The cross-validation function cvKRS is written as:

// [[Rcpp::export(name = "cvKRS")]]
NumericVector cvKRS_I(const NumericVector y, const NumericVector x, 
                      const int k, const NumericVector lambdas)
{
  // declare variables and vectors
  int n = y.size();
  NumericVector mse_lambda(lambdas.size());
  NumericVector out(1);
  NumericVector sorted_x(n);
  NumericVector sorted_y(n);
  
  // sort x and y according to the order of x
  IntegerVector order_x = stl_order(x);
  for(int kk=0; kk < n; kk++)
  {
    int ind = order_x[kk]-1;
    sorted_y[kk] = y[ind];  
    sorted_x[kk] = x[ind];
  }
  
  // set up indices to cross-validate for
  IntegerVector idxs = seq_len(k);
  IntegerVector all_idxs = rep_each(idxs, n/k);

  // different lambdas
  for(int jj = 0; jj < lambdas.size(); jj++)
  {
    double lambda = lambdas[jj];
    NumericVector mse(k);
    
    // cross-validation loop
    for(int ii=1; ii <= k; ii++)
    {
      const LogicalVector kvals = all_idxs != ii;
      
      NumericVector y_t = clone(sorted_y);
      NumericVector x_t = clone(sorted_x);
      NumericVector y_cross = y_t[kvals];
      NumericVector x_cross = x_t[kvals];
      NumericVector fit = meanKRS_I(y_cross, x_cross, sorted_x, lambda);
      
      // calculate mean squared error
      NumericVector error = pow((fit[!kvals] - sorted_y[!kvals]), 2);
      mse[ii-1] = mean(error);
    }
    
    // average mean squared error for each value of lambda
    mse_lambda[jj] = mean(mse);
  }
  
  // output lambda which gave the smallest mean squared error
  int best_pos = which_min(mse_lambda);
  out[0] = lambdas[best_pos];
  
  return out;
}

Comments within the function (succeeding a //) give explanation of each section of the function. This function also calls the other function meanKRS by using meanKRS_I. The function was defined as meanKRS_I in the .cpp file, but when exported into R it is defined as meanKRS, based on the comment preceeding the function definition. Both functions were defined within the same file, and so can call one another, provided the function being called is defined first. There is a function used within cvKRS that is not part of base Rcpp functionality: stl_order. This does the same thing as order in base R, but needed to be defined separately.

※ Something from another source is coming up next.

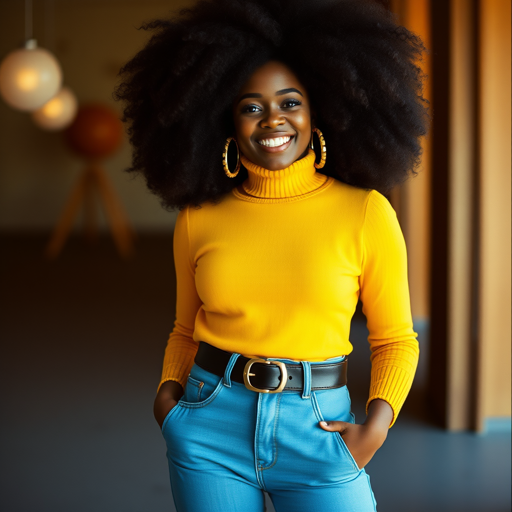 A young woman with an exuberant expression and rich dark skin stands confidently, her voluminous afro hair complementing her vibrant style. She's dressed in a striking yellow turtleneck sweater, paired with bell-bottoms that echo the groovy fashion of the 1970s. The color palette of yellow and cyan highlights her outfit, while oversized earrings add a touch of hip pop flair. Captured in cinematic lighting with high frequency details, the scene is reminiscent of vintage photography, shot on 35mm film with subtle film noise, embodying the essence of Kodak ProImage 100. The depth of field creates a pleasing bokeh effect, further enhancing the image as a true masterpiece.

Now that the function is defined, we can call it within R by first loading the Rcpp library and then using the sourceCpp function to source the C++ file, located in the same working directory.

library(Rcpp)
sourceCpp("KRS_cv.cpp")

This is the stage where we would get compilation errors, if there were any. Now we can run the function over a series of \(\lambda\) values and plot the kernel regression over the simulated data for the optimal \(\lambda\) selected by cross-validation.

lambda_seq = exp(seq(log(1e-6),log(100),len=50))
best_lambda = cvKRS(y, x, k = 20, lambdas = lambda_seq)
plot(x, y, pch = 20)
lines(seq(0, 1, len=1000), meanKRS(y, x, seq(0,1,len=1000), best_lambda), 
      col="deeppink", lwd=2)

To compare computational efficiency, we can benchmark speeds against a function written in R (not shown here).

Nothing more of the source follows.